Jestem jutro - wszystko ok. - pan mechanik tylko klnie bo zdjal mi bak i wyplukal i obie pompy poogladal wszystko chodzi tylko nie pali.
Tj. pali ale gasnie po pierwszym pstryknieciu albo pali ja mu sie psika w dolot powietrza.

Konsultacje telefoniczne z znawcami tematu:
- komputer padl
- modul przy zaplonie
- albo nie wiadomo co

Na sugestie moja jakie jest cisnienie na listwie (madry bylem po konsultacji tel)
- okazalo sie ze nie bylo mierzone po prostu bylo a pompy dzialaja bo szumia ale tak "kreca jakos sie dziwnie"

na razie 4 dni walki i nic

mam nadzieje ze dzis bedzie rozwiazanie zagadki

: śr cze 16, 2004 10:29 am
autor: banan
ciśnienie to sobie sam sprawdzisz...przelew zdejmujesz - jak z króćca leci to ma ciśnienie...

: śr cze 16, 2004 10:34 am
autor: czesław&jarząbek
mnie sie zdaje że ta używana ze scorpio to tyle samo warta co twoja uzywana z bronco :)21

: śr cze 16, 2004 11:22 am
autor: trojkat
cisnienie nomonalne na listwie 2.5 ..do ..3.5 bara 2 .... 2.5 chodzi ale kiepsko ..ponizej dwoch dupa.....sprawdzone organoleptycznie

odp

: śr cze 16, 2004 11:27 am
autor: bilans
powiem tak ..... autko odpalało na cyk .... nagle trach kręcimy odpala kichnie gaśnie i tak za kazdym razem odpala sekunda gaśnie ... i wiecie co było przyczyną ????





bezpiecznik zwalony jego mać !!!!!!


po wymianie odpala .....

: czw cze 17, 2004 12:12 am
autor: Bogas
a ja mam jeszcze jedną odpowiedź do wyboru:

A. Obyś sobie Bronco kupił...
B. Bronco do Żyda, to w kieszeni więcej kaski...
C. Nie miał facet terenówki, to se Bronco kupił...
D. Dwa Bronki są gorsze od jednego Bronka...
E. Z taką terenówką mozna się ZABRONKOWAĆ na śmierć z głodu (brak kasy na jedzenie po wszystkich naprawach)

("I kto to mówi 2")

: czw cze 17, 2004 7:58 am
autor: Broncosaurus
Bezpiecznik to byla pierwsza rzecz ktora sprawdzilem nie wysiadajac z samochodu.


Czy posiadacze Bronco II moga mi powiedziec jak u was wyglada sytuacja z pompa paliwa - bo ja mam dwie - jedna na zbiorniku druga przed filterem z takim jakby osadnikiem z ktorego zaciaga paliwo.

: czw cze 17, 2004 10:28 am
autor: Bogas
No więc mój też nie chciał ciągnąć paliwa, choć wszystko działało.
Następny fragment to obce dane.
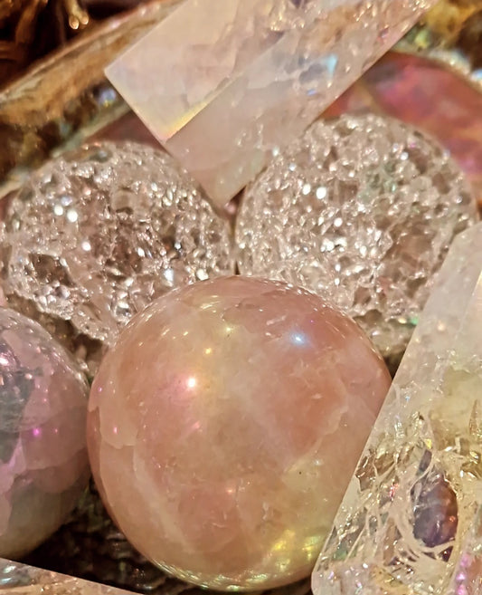 Coffret runes en quartz rose dans sac en tissu 10 x 11 cm

Okazało się, że istniały w owych czasach trzy sposoby umiejscowienia filtra paliwa: i jeden z nich miał metalową obudowę i był bezpośrednio przed gaźnikiem (chyba? - mogę jeszcze sprawdzić!) i stąd był uznawany przez nowomechaników za element stały gaźnika i wyrocznia była prosta: "Gaźnik zchetany - trza nowy". (nie polecam tego specjalisty, choć jest moim kolegą) Mój nowy majster doszedł do tego, że to właśnie filterek, odkręcił i ... nie było światła oczywiście widać na wylot i musiał ... przewiercić wiertarką światło na wylot i juz paliwo mogło spokojnie płynąć. A normalny plastykowy filterek założył na przewodzie, tam gdzie Bozia normalnie nakazuje, by się znajdował.
czasem,to właśnie takie małe gówienko i .. auto nie chce jechać!
pozdro

odp

: czw cze 17, 2004 10:37 am
autor: bilans
ps . a może jakiś paproch na dyszach w gaźniku ...



lub pływak dziurawy

: śr cze 23, 2004 8:33 am
autor: Broncosaurus
Pompy ok
Odcinacz bezwladnosciowy ok (wiecie gdzie takowy macie?)
Cisnienie na listwie jest

tylko


...

nie ma zasilania na wtryskiwaczach !!!

Ale dlaczego to nie wiadomo jeszcze.

: śr cze 23, 2004 5:57 pm
autor: Mihau
Kiedys mialem podobna sytuacje
wygladalo to tak-odpalal, ale w momencie odpuszczenia kluczyka (tak jak zawsze po tym jak silnik zaskoczy) motor gasl. No i co? Okazalo sie ze przyrzad w ktory wkladamy kluczyk (zwany stacyjka) rozpadl sie, a konkretnie odpadl od niego tylny element :o (na genialnym wrecz polaczeniu metalu i plastiku) i styki sie nie stykaly :)21 Po zlozeniu wszystko ok..ach zapomnialem dodac, ze podczas tej awarii lekko utrudnione bylo odpalanie.

: śr cze 23, 2004 7:23 pm
autor: banan
Broncosaurus pisze:
nie ma zasilania na wtryskiwaczach !!!

Ale dlaczego to nie wiadomo jeszcze.
zasialanie na wtryskiwaczach może się pojawiać tylko w momencie gdy pracuje pompa paliwa...stałe po zapłonie nie musi być....a jeśli nie ma wogule to szukać...skrzynka bezpieczników, przekaźniki...

: śr cze 23, 2004 7:35 pm
autor: szary
Przekazniki

: śr cze 23, 2004 7:38 pm
autor: banan
nie popadaj w paranoje...w Fordach jeszcze jest instalacja...na poziomie :)21

: śr cze 23, 2004 7:39 pm
autor: szary
Wal sie :)21

: śr cze 23, 2004 7:43 pm
autor: banan
to nie aluzja...inne usterki też się zdarzają :)21

: czw cze 24, 2004 9:58 am
autor: Broncosaurus
Polamane kable masy od komputera - to wlasnie jest przyczyna.
Dzieki wielkie dla mistrza zlotej raczki Przemka ktory w jeden wieczor rozgryzl cala akcje.